PLA drills around Taiwan after William Lai’s US trip seen as ‘more restrained’
- Beijing was angered by vice-president’s New York and San Francisco stopovers last week, staging exercises as a ‘warning to Taiwan separatists’
- But analysts say they did not match the size and scale of the drills that followed Tsai Ing-wen’s meetings with US officials in April and last August
PLA Eastern Theatre Command spokesman Senior Colonel Shi Yi said they were exercises to “seize maritime and airspace control” while testing “the capability of the command’s forces in coordinated operations and systematic confrontation”. They were conducted to the north and southwest of the island.
Lin Ying-yu, a professor of international relations and strategic studies at Tamkang University in New Taipei City, said Beijing had to “do something in response to Lai’s US stopovers”.
“If they didn’t do anything, it would mean they had tacitly agreed or consented to Lai’s trip,” Lin said.
He noted that the PLA had conducted the drills a day after the US, Japanese and South Korean leaders reaffirmed their commitment to maintaining peace and stability across the Taiwan Strait following a summit on Friday.
Max Lo, executive director of the Taiwan International Strategic Study Society, a Taipei think tank, said the latest PLA drills were more restrained than the last two rounds.
“Apparently the mainland authorities conducted the drills in line with the principle of proportionality, as both the days and scale of the last two rounds were much longer and bigger,” he said.
Lai’s US stopovers were more low-profile than when Tsai visited and comparatively less provocative than the president’s, according to Lo.
Tsai transited through the US in late March and early April on her way to visit Central American allies Guatemala and Belize.

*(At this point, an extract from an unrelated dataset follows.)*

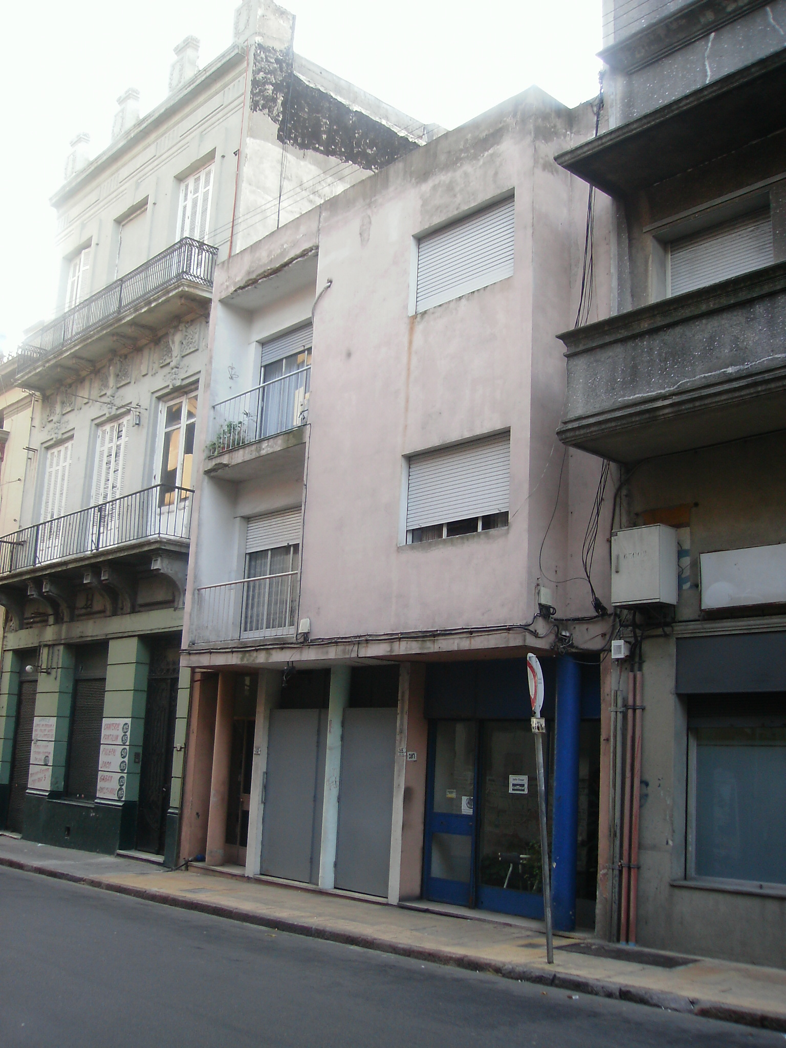 Edificio de propiedad horizontal construido a mediados del siglo XX, desarrollado en tres niveles. La planta baja alberga 2 locales comerciales, uno de ellos adaptado como depósito, y el acceso a los apartamentos. Funcionalmente se organiza en torno a 2 pozos de aire y luz. Su discreta fachada, conserva en planta baja la alineación predominante, destacándose la presencia de pilares junto a los accesos, en tanto el desarrollo está conformado por un volumen que avanza sutilmente sobre la acera. Se encuentra en buen estado de conservación, aunque requiere operaciones de mantenimiento.

Tsai met a number of senior US officials and congressmen during her stopovers.
Beijing views Taiwan as its territory and has not renounced the use of force to bring the island under its control. It saw Washington’s permission for the Taiwanese leaders’ US transits as a breach of the one-China policy, and their official contacts as a violation of its sovereignty.
The US, like most countries, does not recognise Taiwan as an independent state, but is opposed to any unilateral change to the status quo by force.
After Lai’s visit, between 6am Saturday and 6am Sunday, the PLA sent 45 warplanes and nine warships for operations around the island, according to Taiwan’s defence ministry. Twenty-five of the warplanes were said to have crossed the de facto median line dividing the Taiwan Strait.
But from 6am Sunday to 6am Monday, only two PLA aircraft and six vessels were detected around Taiwan, none of which crossed the median line.
The drills were played up on state television in mainland China. Broadcaster CCTV aired footage of the exercises on Saturday, saying they involved destroyers, corvettes, missile boats, fighter jets, air warning systems and rocket forces in a simulated encirclement of the island.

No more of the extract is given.